There is a reason why voter suppression efforts have gained such prominence with Republicans in recent years: Their hold on power depends on it. But energizing voters to overcome such suppression is a far more complicated task. One has to engage with issues that touch their lives, and do so convincingly. One has to give them a reason to believe that things can be different, if we work energetically to change them.

In 2008, Barack Obama won the White House in large part by convincing folks he represented such change, but it was largely, as Naomi Klein pointed out in November 2009, a matter of branding in the same fashion that leading corporations had mastered in the 1990s:

A large part what I write about in "No Logo" is the absorption of these political movements into the world of marketing.

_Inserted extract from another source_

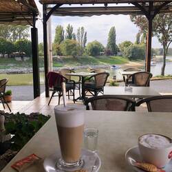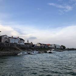Dann geht's weiter, für Steffi ausschliesslich im Top, für Markus ohne Unterhemd. Sooo warm war's wirklich schon länger nicht mehr. In Újmohács warten wir rund 20 Minuten auf die Fähre, die uns auf die andere Donauseite nach Mohács bringt. Dort gibt's sogar den zweiten Café-Halt des heutigen Tages. Vielleicht ist das der Grund, dass wir mit dem Gegenwind so gut zurecht kommen😉?
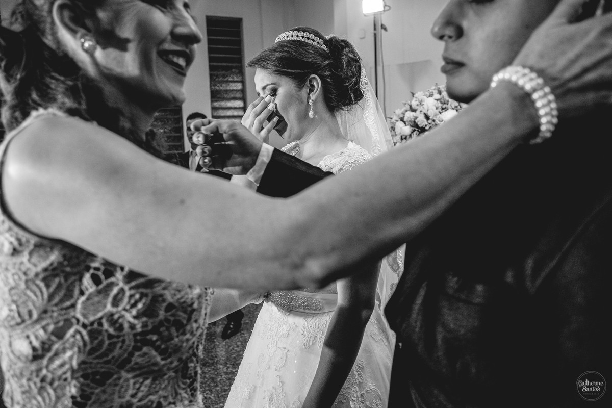 Fotografia de casamento pelo fotógrafo Guilherme Santos, noiva e sua mãe no making of na chegada do buque.

And, you know, the first time I saw the "Yes, We Can" video that was produced by, my first thought was, you know, "Wow. A politician has finally produced an ad as good as Nike that plays on our, sort of, faded memories of a more idealistic era, but, yet, doesn't quite say anything." We think we hear the message we want to hear, but if you really parse it, the promises aren't there, it's really the emotions.

And, you know, I think that that explains in some sense the paralysis in progressive movements in the United States where we think, Obama stands for something because we-our emotions were activated on these issues, but we don't really have much to hold him to because, in fact, if you look at what he said during the campaign, like any good super brand, like any good marketer, he made sure not to promise too much, so that he couldn't be held to it.

Because it was branding, it proved particularly ephemeral, as the midterms of 2010 and 2014 showed. It's taken a long time, years of struggle, disappointment and rededication on the ground, but we're finally at the point where the fruits of those vague promises, tended by hardworking activists on the ground, are starting to manifest in a profusion of new forms. The work they've done has to be honored and respected. Unsettling work, challenging settled ways. Hard questions have to be asked—and answered—in the days ahead, if we're to find our way forward, beyond endlessly repeating the failed policies of the past. Those who would lead us need to first prove they can follow the arguments the people have raised. Do they even know what the pertinent questions are? That's where the real candidate questions should begin.